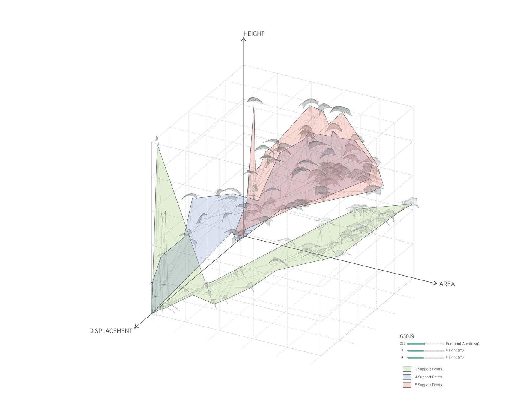 could then be categorized based on the desired use. A major limitation in this approach, however, was the lack of any dynamic structural analysis within the live feedback loop. This was because of the software limitation of not having a compatible tool within Grasshopper3D that was capable of achieving such seismic analyses. Nonetheless, it was a very interesting exercise to understand various ways in which forces act (static forces, in this case) and how the structural analysis data can be used to inform the design process, in effect creating a holistic approach to design. The knowledge gained in this process, can definitely not only within this dissertation, but also in other projects in the future.
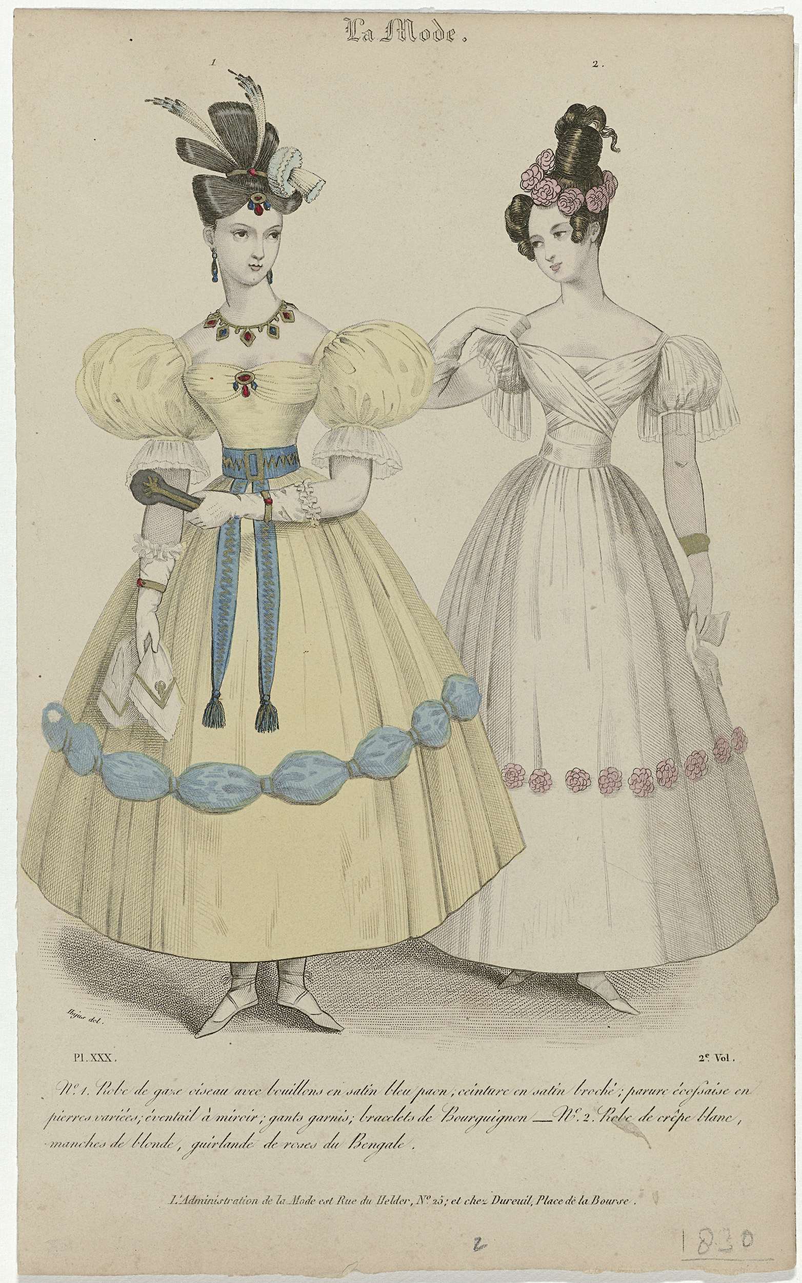 La Mode, 1830, Pl. 30 : No.1. Robe de gaze ciseau (...)
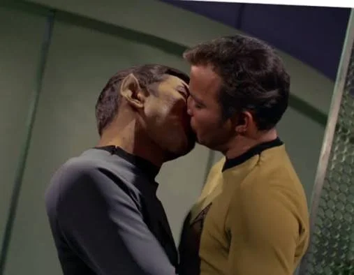 A century later, in 1974—during the rise of the first modern fandom around the newly canceled Star Trek—a short story titled “A Fragment Out of Time” appeared in fanzines at conventions. It depicted Kirk and Spock in an explicitly romantic couple. To distinguish these tales from platonic ones, fans started using a slash mark in Kirk/Spock. “Slash” fiction was born.
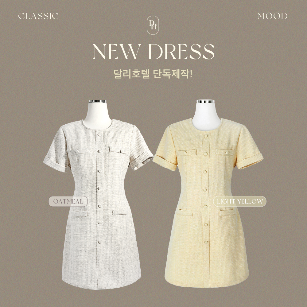 [자체제작/Dali made]클리엔 라운드 버튼 반팔 A라인 트위드 미니 원피스(하객룩/데이트룩)
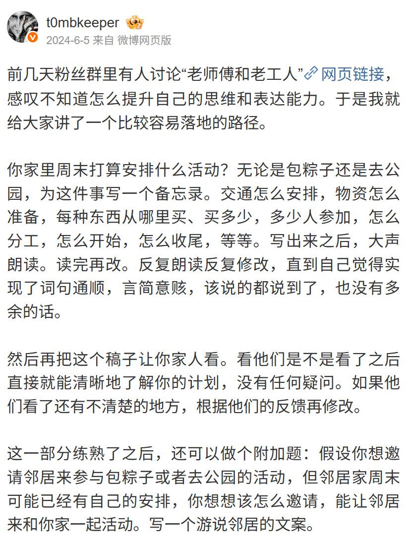 2. 重要场合如果可以提前准备发言稿的,先对着镜子练习,然后对着家人练习,这两关过不了其他场面表现也好不到哪里去; 3. 少用 AI 润色,尽可能自己完善文稿,这是 AI 无法取代的环节,拿一篇别人的演讲稿是练不好的。线下面对面短兵相接,谁菜一目了然; 演讲和写作一样,都是一种技能,需要锻炼。练习可以帮助你掌握这些技能。 另外,单纯的背诵是一种无效的演讲技巧,只要出现一点失误,会像多米诺效应一样影响整体。 |
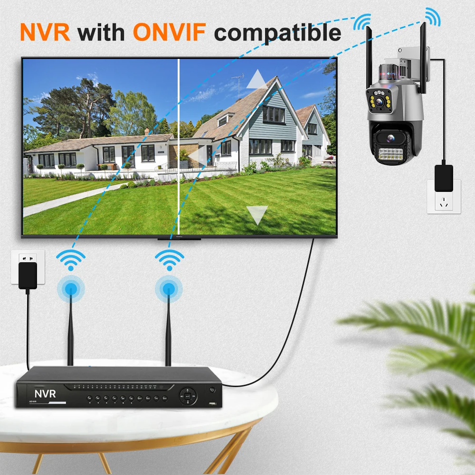 Icsee 4K 8MP 3.5inch 2 Camera Lens 2 Screen 360 Degree Security Surveillance CCTV Camera Motion Tracking Alarm with Siren Light
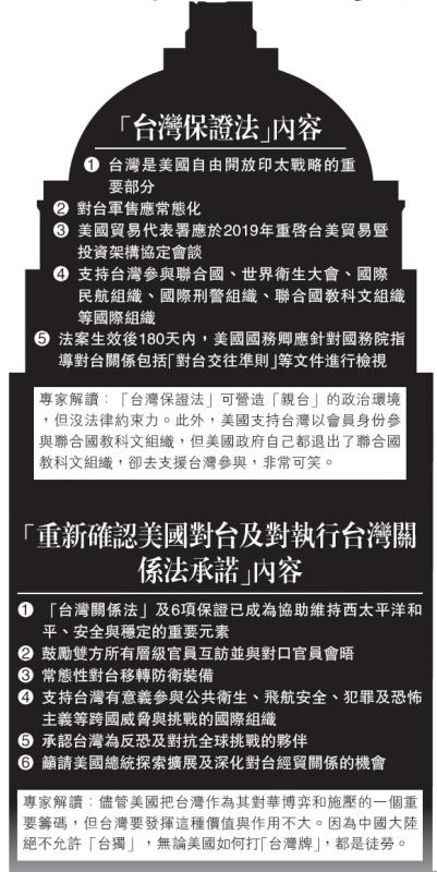 美國聯邦眾議院7日通過「2019年台灣保證法案」和「重新確認美國對台灣及對執行台灣關係法之承諾」決議案,「台灣保證法案」要求對台軍售常態化,以及重啟台美貿易協議會談。中國外交部發言人耿爽8日表示,中方對此堅...
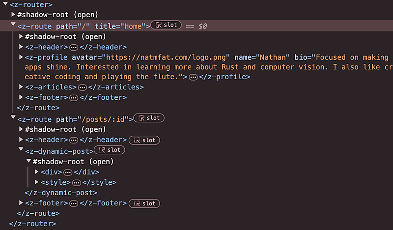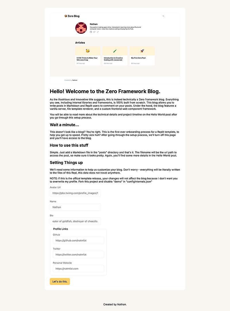 Zero Router containing two routes: the "Home" route and dynamic "Posts" routeTechnically, Zero Blog is NOT a "zero dependency" blog completely because I use Replit Auth and their KV Database to authenticate and store comments. I could have interfaced with the API directly, but I figured using some Replit products and packages was a necessity to create a Replit-themed template. Interestingly, Replit Auth is "technically" not a dependency because Replit automaticallys adds unique headers for logged-in users, so it is not necessarily an installed package. In any case, Zero Blog's implementation necessitates deploying on Replit because of its tight integation with Replit products. I will admit that not everything should be built from scratch - public libraries are often far better maintained, more feature complete, and battle-tested compared to what a single developer could make in a week - but building Zero Blog was certainly a fun experience. Furthermore, I realize that lightweight Vanilla Javascript libraries does not really benefit the server-end (unless the concern is having more features may impact performance or that rare case were storage actually matters), because the client is not consuming that complexity anyways.import Zero, { ZeroUtils } from "/lib/Zero"; Zero.define( "z-header", class ZHeader extends Zero { render() { return h.header( // yup, styles are inlined (or added as a style tag in the shadow DOM) { style: globalStyles.bgWrapper }, h.div( { style: styles.headerDiv }, h.a( {}, h.zLink( { href: "/" }, h.h1({ style: styles.headerLink }, "📦 Zero Blog"), ), ), h.zSearch(), ), ); } }, );
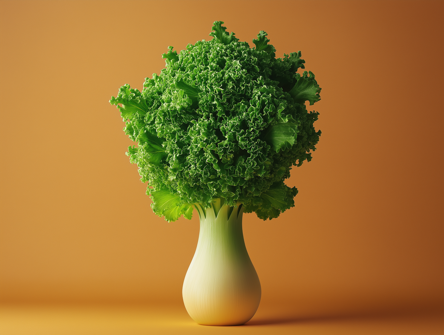 Vibrant green kale against a warm orange background, highlighting its lush, curly leaves and rich texture.
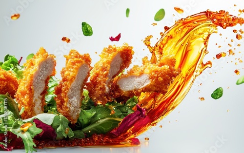 A golden honey-mustard wave swirling through crispy chicken tenders and fresh salad greens, placed on a white background with soft lighting
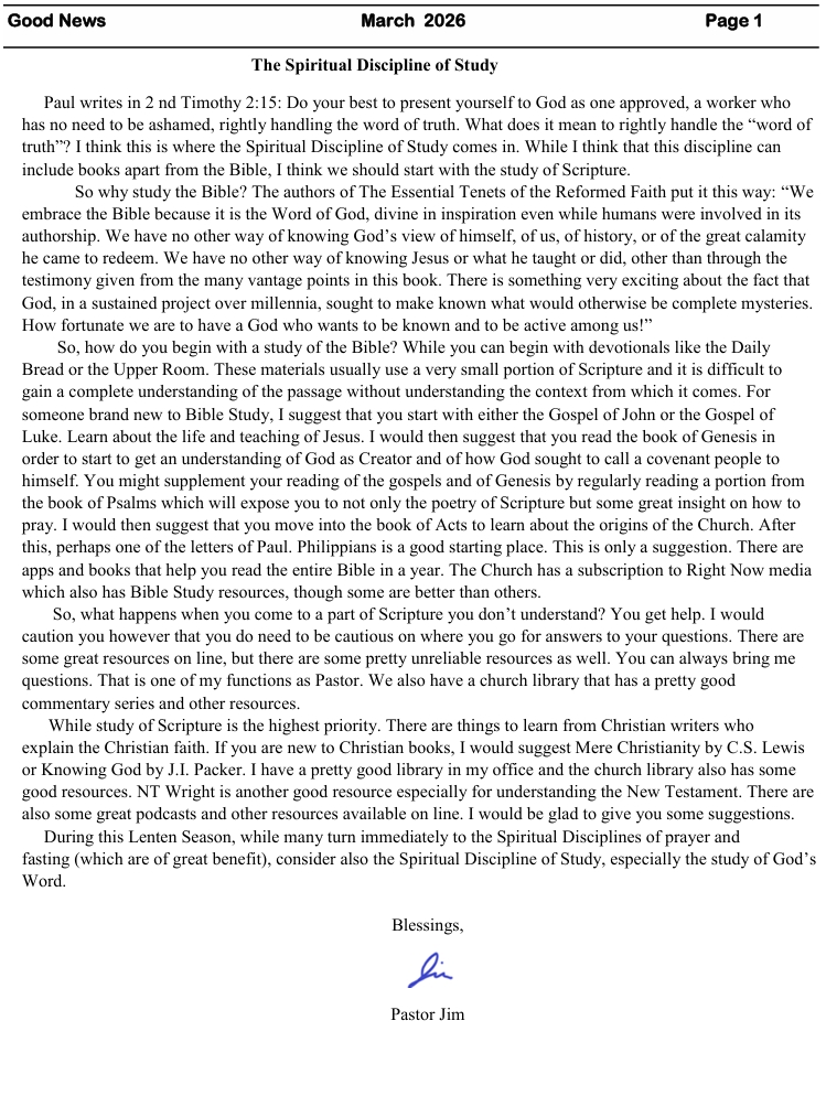 Sunday WOrship - 9:30 sunday school 10:40 Fellowship hour 10:40
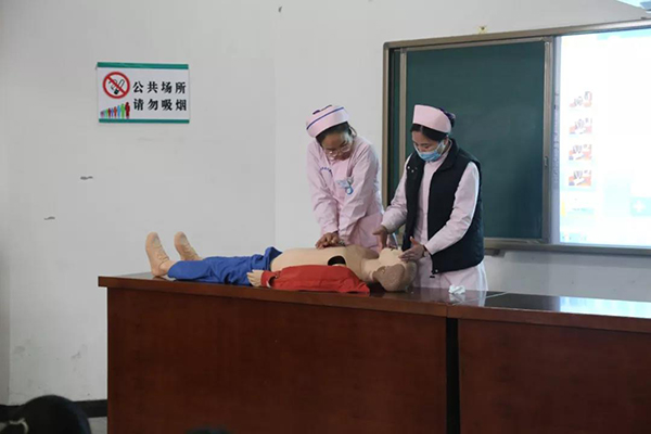 为了让大家更好掌握心肺复苏的急救技巧,张琳琳和耿瑞玲两位护士相互配合,为在座的师生们进行了心肺复苏急救技能演示,每一步操作都配合通俗易懂的讲解。老师和同学们也听得认真,看得仔细。
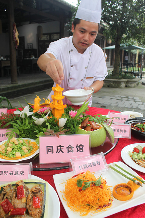 在安仁美食薈的展示區(qū),作為東道主的安仁老公館同慶食館推出了富于公館文化的系列菜品。其中“明軒書意濃”、“自能筆墨香”、“元琥誘惑”都是充分挖掘了安仁民國時期公館的餐飲文化的力作。制作這一系列公館菜肴的廚師,還別具匠心地雕刻了安仁的標志性建筑“仁者安仁塔”。龍門陣九大碗、黃雞肉、游血旺、名肴天下、彭雞肉、郭雞肉、火二哥飯店、晉昊私房菜等古鎮(zhèn)知名餐飲店也都各自展示了川西古鎮(zhèn)風味的菜肴。
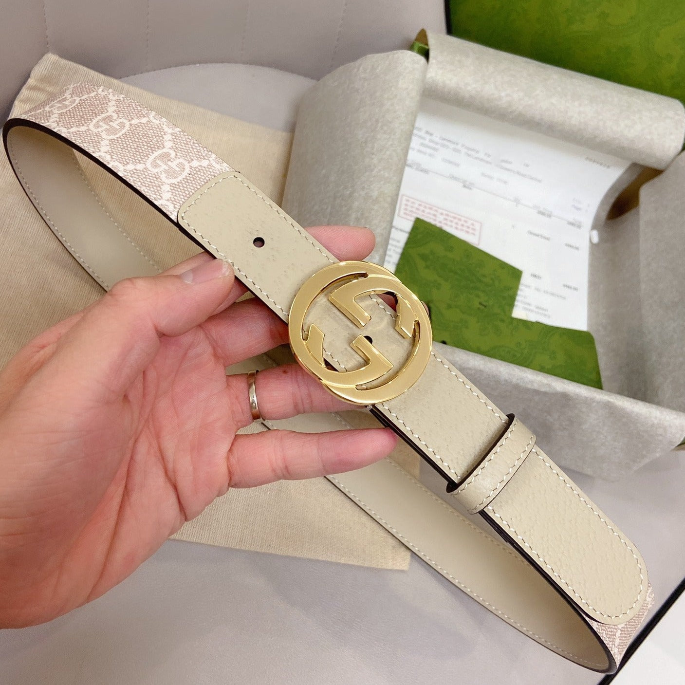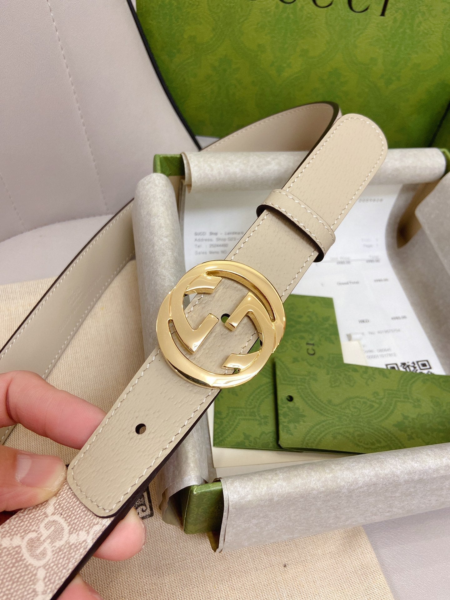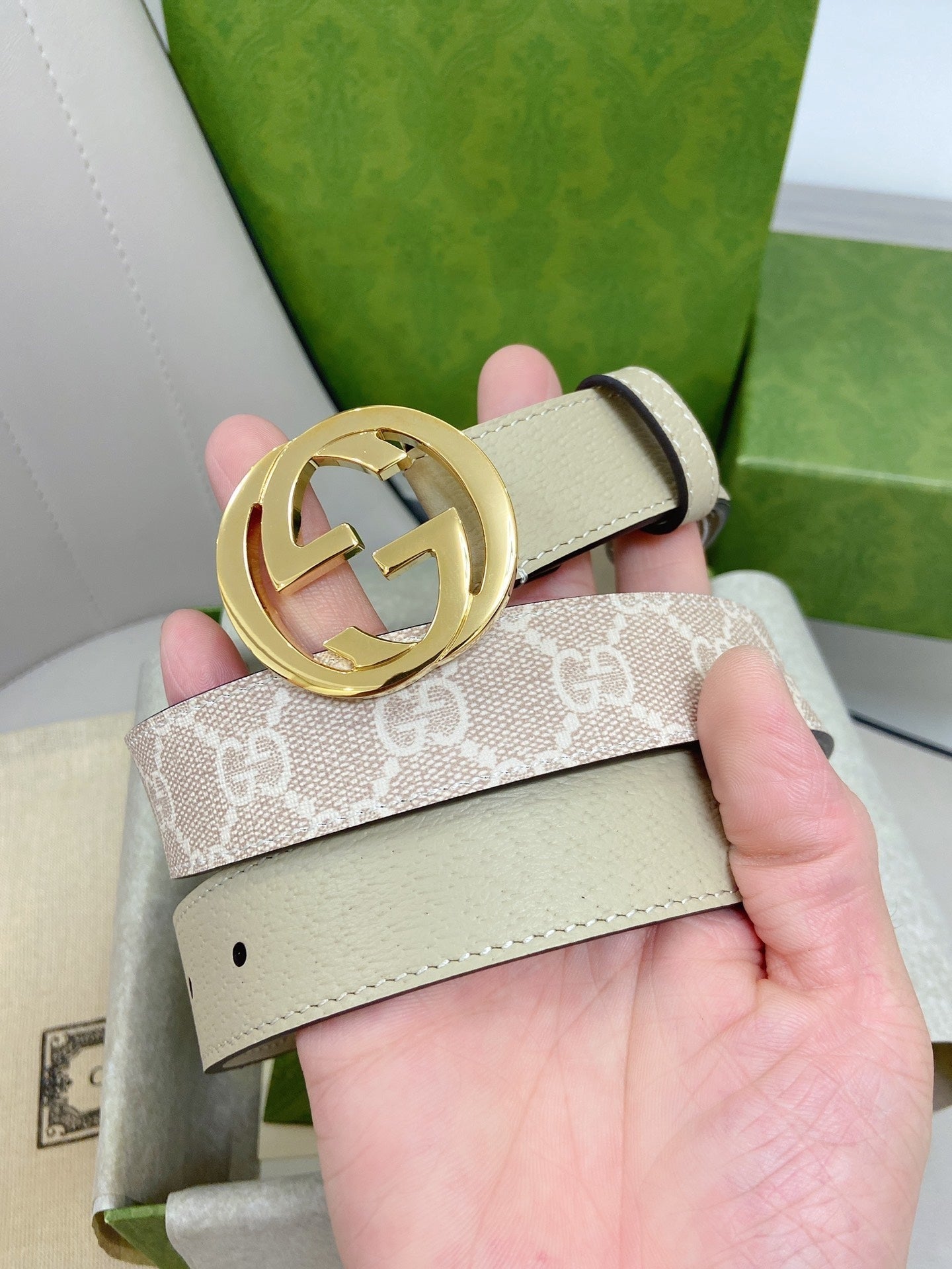 GC BELT GOLD BUCKLE IN GG SINK LEATHER 4.0CM
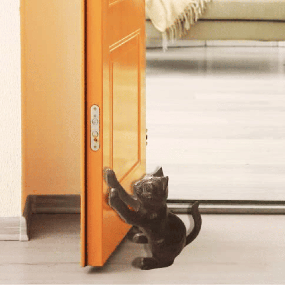 Metal cat doorstoppers are heavier and more permanent types of doorstoppers. Often crafted from brass or cast iron, they provide a more refined and sophisticated look to your home decor.
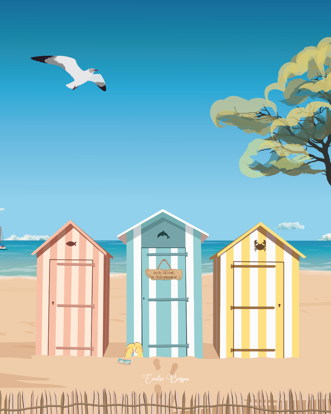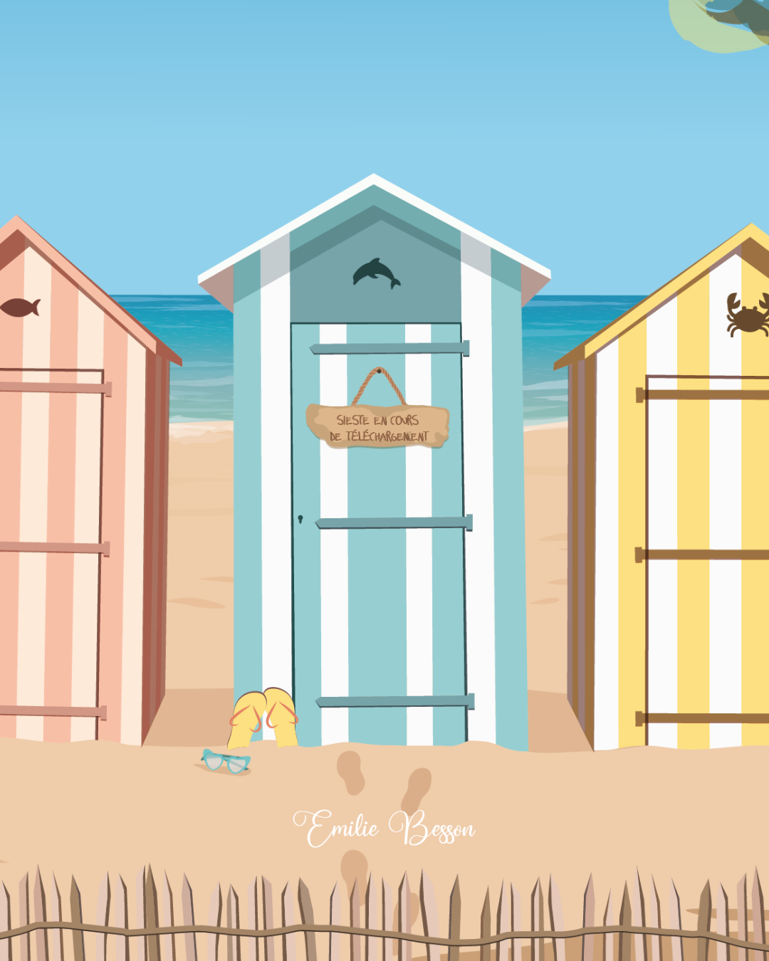 Une affiche digitale illustrée des cabanes colorées qui bordent les jolies plages de l’ïle. Invitez le soleil et l’été dans votre maison !

☆ ☆ ☆ ☆ ☆

• [WHAT YOU ARE ASKED TO DO]: Would you copy out every line of the data above exactly, minus the pictures?

• [SOLVED PROBLEM]:
 could then be categorized based on the desired use. A major limitation in this approach, however, was the lack of any dynamic structural analysis within the live feedback loop. This was because of the software limitation of not having a compatible tool within Grasshopper3D that was capable of achieving such seismic analyses. Nonetheless, it was a very interesting exercise to understand various ways in which forces act (static forces, in this case) and how the structural analysis data can be used to inform the design process, in effect creating a holistic approach to design. The knowledge gained in this process, can definitely not only within this dissertation, but also in other projects in the future.
 La Mode, 1830, Pl. 30 : No.1. Robe de gaze ciseau (...)
 A century later, in 1974—during the rise of the first modern fandom around the newly canceled Star Trek—a short story titled “A Fragment Out of Time” appeared in fanzines at conventions. It depicted Kirk and Spock in an explicitly romantic couple. To distinguish these tales from platonic ones, fans started using a slash mark in Kirk/Spock. “Slash” fiction was born.
 [자체제작/Dali made]클리엔 라운드 버튼 반팔 A라인 트위드 미니 원피스(하객룩/데이트룩)
 2. 重要场合如果可以提前准备发言稿的,先对着镜子练习,然后对着家人练习,这两关过不了其他场面表现也好不到哪里去; 3. 少用 AI 润色,尽可能自己完善文稿,这是 AI 无法取代的环节,拿一篇别人的演讲稿是练不好的。线下面对面短兵相接,谁菜一目了然; 演讲和写作一样,都是一种技能,需要锻炼。练习可以帮助你掌握这些技能。 另外,单纯的背诵是一种无效的演讲技巧,只要出现一点失误,会像多米诺效应一样影响整体。 |
 Icsee 4K 8MP 3.5inch 2 Camera Lens 2 Screen 360 Degree Security Surveillance CCTV Camera Motion Tracking Alarm with Siren Light
 美國聯邦眾議院7日通過「2019年台灣保證法案」和「重新確認美國對台灣及對執行台灣關係法之承諾」決議案,「台灣保證法案」要求對台軍售常態化,以及重啟台美貿易協議會談。中國外交部發言人耿爽8日表示,中方對此堅...
 Zero Router containing two routes: the "Home" route and dynamic "Posts" routeTechnically, Zero Blog is NOT a "zero dependency" blog completely because I use Replit Auth and their KV Database to authenticate and store comments. I could have interfaced with the API directly, but I figured using some Replit products and packages was a necessity to create a Replit-themed template. Interestingly, Replit Auth is "technically" not a dependency because Replit automaticallys adds unique headers for logged-in users, so it is not necessarily an installed package. In any case, Zero Blog's implementation necessitates deploying on Replit because of its tight integation with Replit products. I will admit that not everything should be built from scratch - public libraries are often far better maintained, more feature complete, and battle-tested compared to what a single developer could make in a week - but building Zero Blog was certainly a fun experience. Furthermore, I realize that lightweight Vanilla Javascript libraries does not really benefit the server-end (unless the concern is having more features may impact performance or that rare case were storage actually matters), because the client is not consuming that complexity anyways.import Zero, { ZeroUtils } from "/lib/Zero"; Zero.define( "z-header", class ZHeader extends Zero { render() { return h.header( // yup, styles are inlined (or added as a style tag in the shadow DOM) { style: globalStyles.bgWrapper }, h.div( { style: styles.headerDiv }, h.a( {}, h.zLink( { href: "/" }, h.h1({ style: styles.headerLink }, "📦 Zero Blog"), ), ), h.zSearch(), ), ); } }, );
 Vibrant green kale against a warm orange background, highlighting its lush, curly leaves and rich texture.
 A golden honey-mustard wave swirling through crispy chicken tenders and fresh salad greens, placed on a white background with soft lighting
 Sunday WOrship - 9:30 sunday school 10:40 Fellowship hour 10:40
 为了让大家更好掌握心肺复苏的急救技巧,张琳琳和耿瑞玲两位护士相互配合,为在座的师生们进行了心肺复苏急救技能演示,每一步操作都配合通俗易懂的讲解。老师和同学们也听得认真,看得仔细。
 在安仁美食薈的展示區(qū),作為東道主的安仁老公館同慶食館推出了富于公館文化的系列菜品。其中“明軒書意濃”、“自能筆墨香”、“元琥誘惑”都是充分挖掘了安仁民國時期公館的餐飲文化的力作。制作這一系列公館菜肴的廚師,還別具匠心地雕刻了安仁的標志性建筑“仁者安仁塔”。龍門陣九大碗、黃雞肉、游血旺、名肴天下、彭雞肉、郭雞肉、火二哥飯店、晉昊私房菜等古鎮(zhèn)知名餐飲店也都各自展示了川西古鎮(zhèn)風味的菜肴。
 GC BELT GOLD BUCKLE IN GG SINK LEATHER 4.0CM
 Metal cat doorstoppers are heavier and more permanent types of doorstoppers. Often crafted from brass or cast iron, they provide a more refined and sophisticated look to your home decor.
 Une affiche digitale illustrée des cabanes colorées qui bordent les jolies plages de l’ïle. Invitez le soleil et l’été dans votre maison !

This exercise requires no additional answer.